Downtown El Paso meeting will detail plan to demolish Asarco smokestacks

By Marty Schladen / El Paso Times

As they prepare to drop the massive, contaminated Asarco smokestacks to the dusty desert floor sometime in April, officials in charge of the site’s cleanup want the public to turn out later this month to discuss the plans.

Among the more dramatic steps they plan to take will be to briefly close Interstate 10 and Paisano Drive, create a “water-fog system,” and erect earthen barriers to stop dust and debris.

The meeting to discuss the demolition is slated for 6 to 7 p.m. Feb. 26 in the auditorium at the El Paso Main Library, 501 N. Oregon St., Roberto Puga, the trustee in charge of cleaning up the site, said Thursday.

Whether to knock down the stacks has has generated controversy in recent months. But after the drive to preserve them proved unsuccessful in December, attention has turned to how to demolish them, and how to do so safely.

For more than a century, the American Smelting and Refining Co. processed metals such as lead, copper and zinc on the site, just west of Downtown along the Rio Grande.

By 1969, El Paso’s air had Texas’ highest concentrations of lead, which can harm almost every system in the body, according to the U.S. Centers for Disease Control. Public health officials also are concerned about the tons of the toxins arsenic and cadmium produced at the site.

Lead dust can be especially dangerous, and the Occupational Safety and Health Administration says demolition is a particularly good way to stir it up. So when the 826-foot big stack at Asarco is demolished, it will probably stir up a toxic cloud.

“That’s what happens when you bring these down; there’s going to be a lot of dust and fine particles,” said William Hargrove, director of the Center for Environmental Research and Management at the University of Texas at El Paso. Hargrove has been coordinating UTEP scientific advisers to the Asarco demolition project.
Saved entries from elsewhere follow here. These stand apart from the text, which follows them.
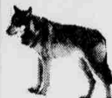
8. Daya ishgiluksh. (Wolf)
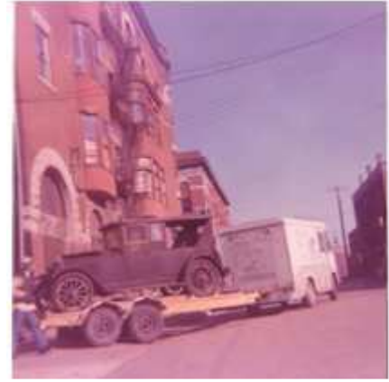
Scripps-Booth after Barney Pollard auction

apparently also a very active in courting public media and he was at least in 3 front page news stories about the car.
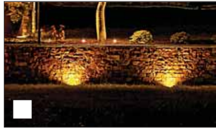
IN-GROUND WELL LIGHTS
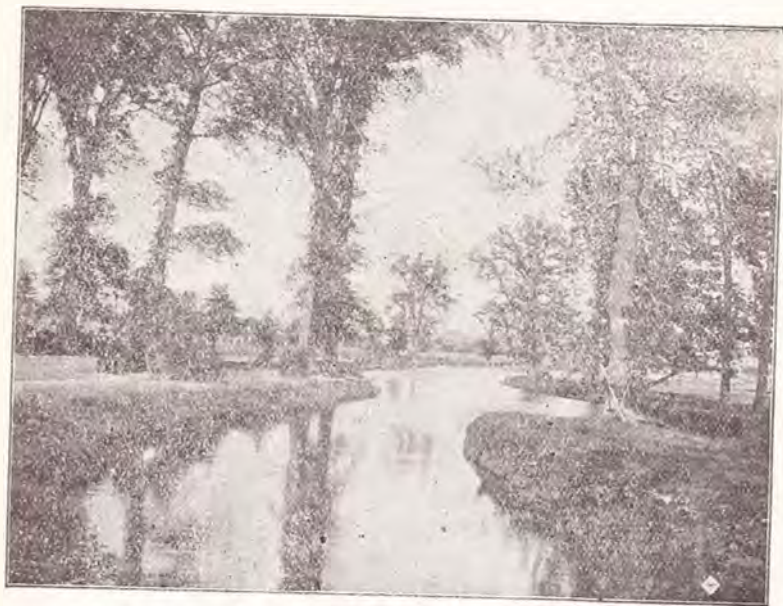
A GLIMPSE OF VICTORIA PARK, BERLIN, ONT.

Canada's Only Weekly Stamp Paper. Published at Berlin, Ont.
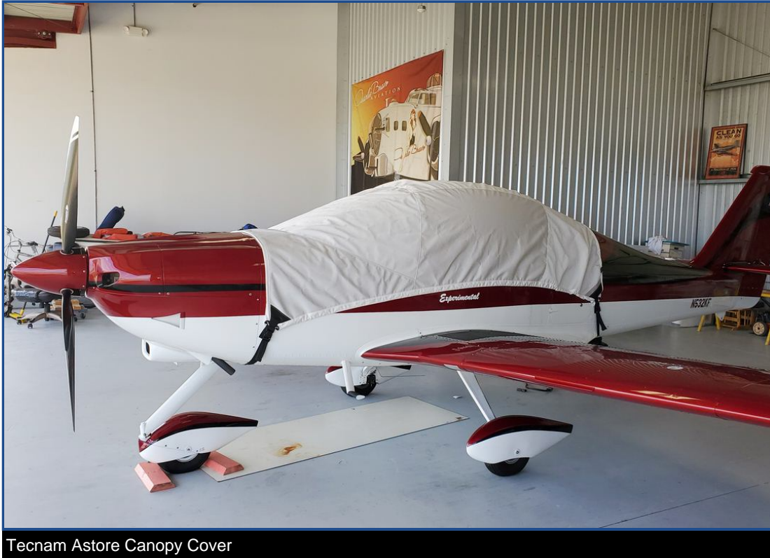
Tecnam Astore Canopy Cover

Puga said crews cleaning the site will take elaborate measures to control the dust.

“The site will be prepared by constructing earthen barriers along the sides of the fall zones and the installation of a water fog system, which mitigates dust migration,” Puga said Thursday in an email. “The earthen barriers physically stop dust and debris, and the water fog absorbs dust particles, causing them to fall to the ground.”
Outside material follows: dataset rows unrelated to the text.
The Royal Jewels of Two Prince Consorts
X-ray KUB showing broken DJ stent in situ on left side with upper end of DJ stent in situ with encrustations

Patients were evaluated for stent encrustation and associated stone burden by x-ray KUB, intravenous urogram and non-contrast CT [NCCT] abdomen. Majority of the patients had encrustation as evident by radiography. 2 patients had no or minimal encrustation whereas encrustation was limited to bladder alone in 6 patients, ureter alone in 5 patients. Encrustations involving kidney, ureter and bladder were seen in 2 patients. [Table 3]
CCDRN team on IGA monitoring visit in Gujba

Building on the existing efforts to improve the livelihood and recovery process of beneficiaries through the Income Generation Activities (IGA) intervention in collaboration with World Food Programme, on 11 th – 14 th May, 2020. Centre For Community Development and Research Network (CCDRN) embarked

Also, he said, people will be kept well away from the site. I-10 and Paisano Drive will be closed for 15 to 30 minutes, and the demolition probably will take place on a weekend morning to minimize traffic snarls.

Air-quality monitors will be installed around the site to determine whether the measures are effective, Hargrove said. The UTEP professor added that he wanted to review the demolition plan when more details are released later this month, but that based on what Puga has said so far, “they certainly sound reasonable and effective.”

If things go according to plan, early April will see two of the most massive demolition projects in the city’s history –the Asarco stacks and City Hall. But Hargrove said the howling winds that herald spring’s arrival in the high desert could thwart those plans.

“They don’t want to do it on a windy day,” he said, explaining that would limit workers’ ability to control dust clouds.

Engineers can’t control the weather, but they say they’ll control how the Asarco stacks fall.

Puga’s team plans to drop them on their sides.

“The technique involves placing an explosive charge at the base of the stacks,” he said. “The charge is placed so that it only creates an opening in the stacks, on the side facing the direction the stack is to fall. The resulting opening causes an instability in the stack, which allows gravity to topple the structure to the ground.

“It is very similar to how a tree is taken down, other than using an axe to cut a notch at the base of the tree, we will use explosives to blow out the ‘notch.’ ”

Once the stacks are down, metal in them will be recycled and concrete will be crushed and used as fill on the site, Puga said.

The demolition is part of a $52 million remediation, which is expected to be complete by 2015. Puga said he hopes to sell the site the next year.

The city’s master plan calls for mixed-use, high-density development on the property.

A facility such as a soccer stadium, racetrack or amusement park might be built on the part west of I-10, where hazardous materials from the entire Asarco property will be landfilled, Puga said. The part east of the freeway could be used for residential development, he said.

Toppling the massive stacks is sure to be spectacular.

“We are working with our neighbors to see what safe and clear vantage points may be made available,” Puga said. “Mount Cristo Rey would be a good vantage point. We will have a map at the February 26 public meeting that will indicate good viewing areas, for those interested.”

Engineers also will be on hand to describe the project in more detail and to answer the public’s questions.